Problem description – Exact copy, no pictures: return all the data below as written.

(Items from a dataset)
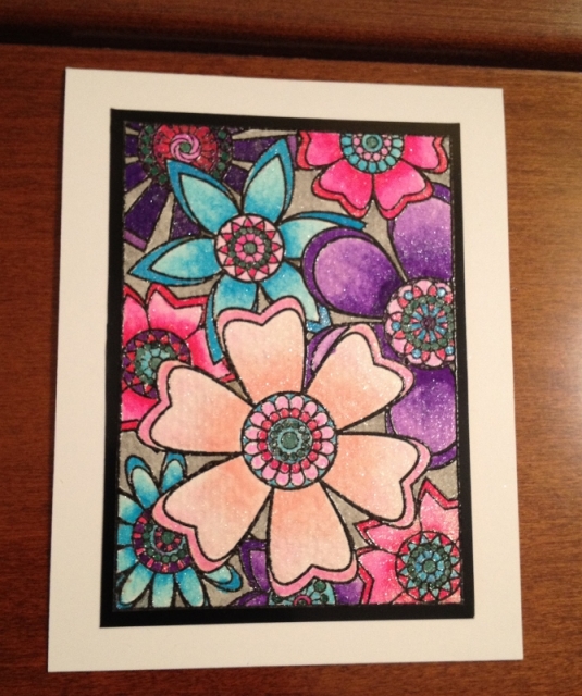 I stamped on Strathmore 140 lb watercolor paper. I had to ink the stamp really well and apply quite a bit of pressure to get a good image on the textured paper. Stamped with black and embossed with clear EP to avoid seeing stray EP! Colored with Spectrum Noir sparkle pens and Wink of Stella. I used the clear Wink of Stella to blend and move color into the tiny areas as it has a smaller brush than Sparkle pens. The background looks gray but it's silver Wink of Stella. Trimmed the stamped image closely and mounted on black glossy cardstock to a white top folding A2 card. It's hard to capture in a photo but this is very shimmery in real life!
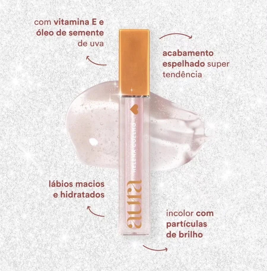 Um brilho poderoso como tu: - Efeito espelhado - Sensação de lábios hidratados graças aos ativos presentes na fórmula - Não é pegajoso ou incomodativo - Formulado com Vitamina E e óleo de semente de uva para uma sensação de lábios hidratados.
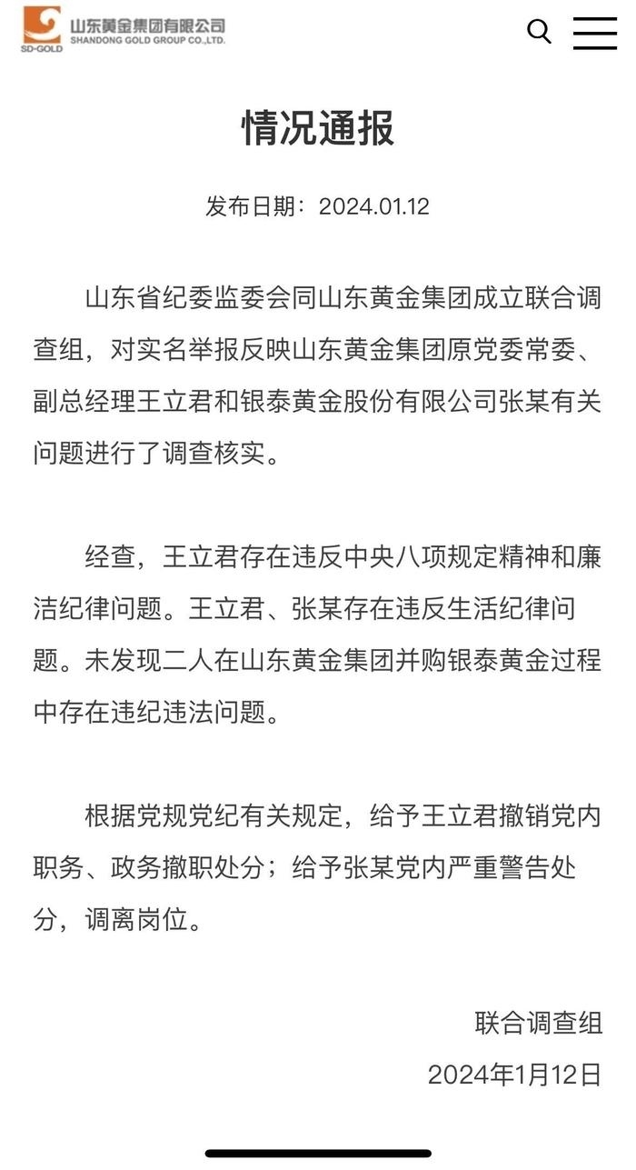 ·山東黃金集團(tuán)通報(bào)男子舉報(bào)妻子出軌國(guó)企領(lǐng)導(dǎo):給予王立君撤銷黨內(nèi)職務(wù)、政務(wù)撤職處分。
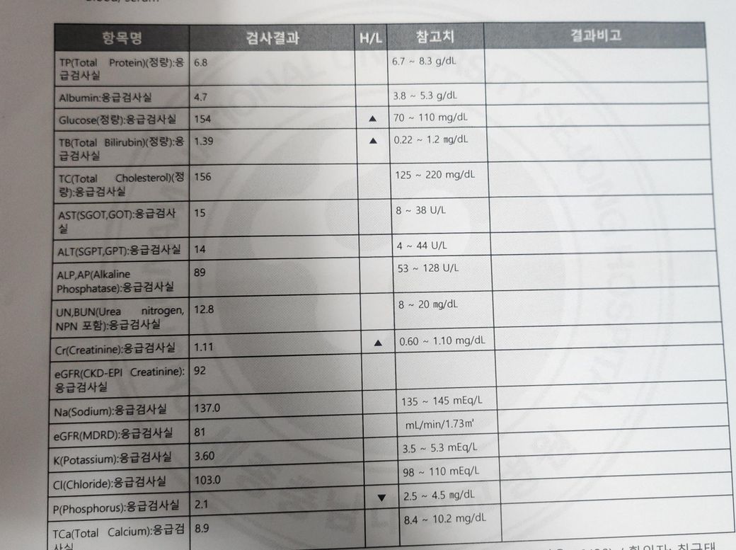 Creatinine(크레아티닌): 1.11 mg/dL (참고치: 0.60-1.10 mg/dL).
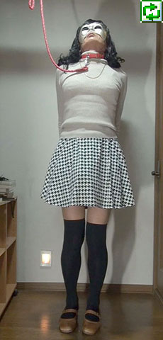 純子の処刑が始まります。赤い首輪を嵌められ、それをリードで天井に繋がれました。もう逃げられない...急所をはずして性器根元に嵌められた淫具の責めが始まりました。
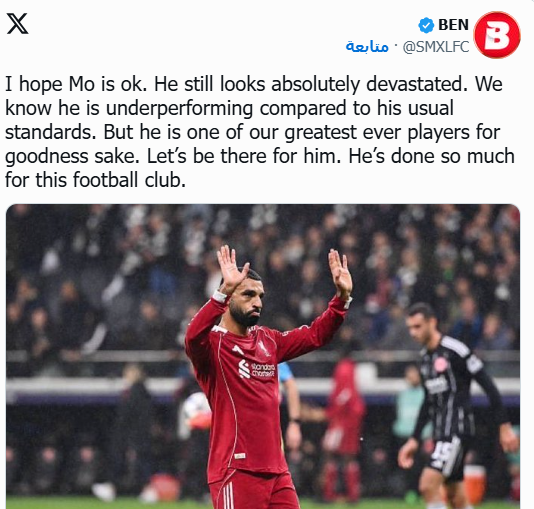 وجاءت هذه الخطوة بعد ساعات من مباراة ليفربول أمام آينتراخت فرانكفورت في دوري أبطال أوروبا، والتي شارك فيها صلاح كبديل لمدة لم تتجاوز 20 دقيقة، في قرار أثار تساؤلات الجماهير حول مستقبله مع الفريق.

Exercise response –
 I stamped on Strathmore 140 lb watercolor paper. I had to ink the stamp really well and apply quite a bit of pressure to get a good image on the textured paper. Stamped with black and embossed with clear EP to avoid seeing stray EP! Colored with Spectrum Noir sparkle pens and Wink of Stella. I used the clear Wink of Stella to blend and move color into the tiny areas as it has a smaller brush than Sparkle pens. The background looks gray but it's silver Wink of Stella. Trimmed the stamped image closely and mounted on black glossy cardstock to a white top folding A2 card. It's hard to capture in a photo but this is very shimmery in real life!
 Um brilho poderoso como tu: - Efeito espelhado - Sensação de lábios hidratados graças aos ativos presentes na fórmula - Não é pegajoso ou incomodativo - Formulado com Vitamina E e óleo de semente de uva para uma sensação de lábios hidratados.
 ·山東黃金集團(tuán)通報(bào)男子舉報(bào)妻子出軌國(guó)企領(lǐng)導(dǎo):給予王立君撤銷黨內(nèi)職務(wù)、政務(wù)撤職處分。
 Creatinine(크레아티닌): 1.11 mg/dL (참고치: 0.60-1.10 mg/dL).
 純子の処刑が始まります。赤い首輪を嵌められ、それをリードで天井に繋がれました。もう逃げられない...急所をはずして性器根元に嵌められた淫具の責めが始まりました。
 وجاءت هذه الخطوة بعد ساعات من مباراة ليفربول أمام آينتراخت فرانكفورت في دوري أبطال أوروبا، والتي شارك فيها صلاح كبديل لمدة لم تتجاوز 20 دقيقة، في قرار أثار تساؤلات الجماهير حول مستقبله مع الفريق.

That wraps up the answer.